James Lawton: Athens flame dimmed as drugs spread a shadow

Already the evasions and the cover-ups are taking shape, but we know once again that the Olympic flame which will be lit tonight burns not for the glory of sport but merely to illuminate the running sore of drug corruption.

Already the evasions and the cover-ups are taking shape, but we know once again that the Olympic flame which will be lit tonight burns not for the glory of sport but merely to illuminate the running sore of drug corruption.

The Greeks, heirs to the greatest tradition of athletic endeavour of them all, have spent billions of euros and much of their economic lifeblood for what?
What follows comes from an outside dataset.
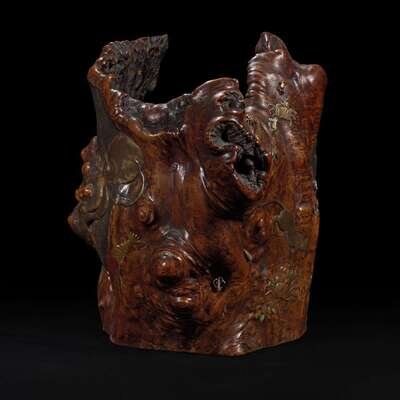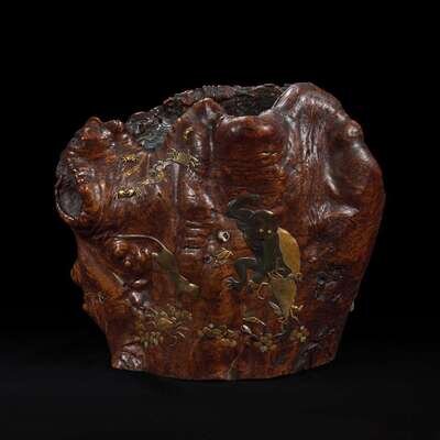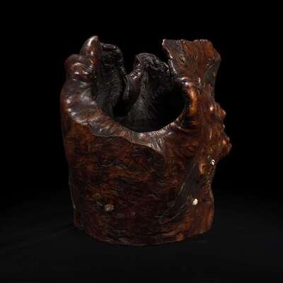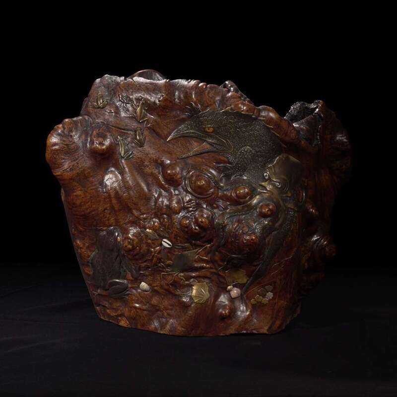 An unusual and large Japanese embellished rootwood hibachi 日本百宝镶嵌根雕 Meiji period ??

A sickening embarrassment on the eve of the nation's greatest peacetime endeavour.

That, whatever the high politics being waged by the International Olympic Committee and the International Association of Athletic Federations last night, is the low truth of the aftermath to this week's failure of Konstadinos Kederis, reigning 200 metres champion, and Ekaterina Thanou, a silver medallist in the 100 metres in Sydney, to report for drug tests.

Greece's greatest sporting hero and heroine were supposed to trigger waves of national euphoria similar to the ones which greeted the nation's triumph in the European football championships in Portugal in July.

Instead, they now invoke scorn after long suspicion that their reluctance to compete outside of their homeland was not about a competitive strategy but the avoidance of exposure to random drug-testing.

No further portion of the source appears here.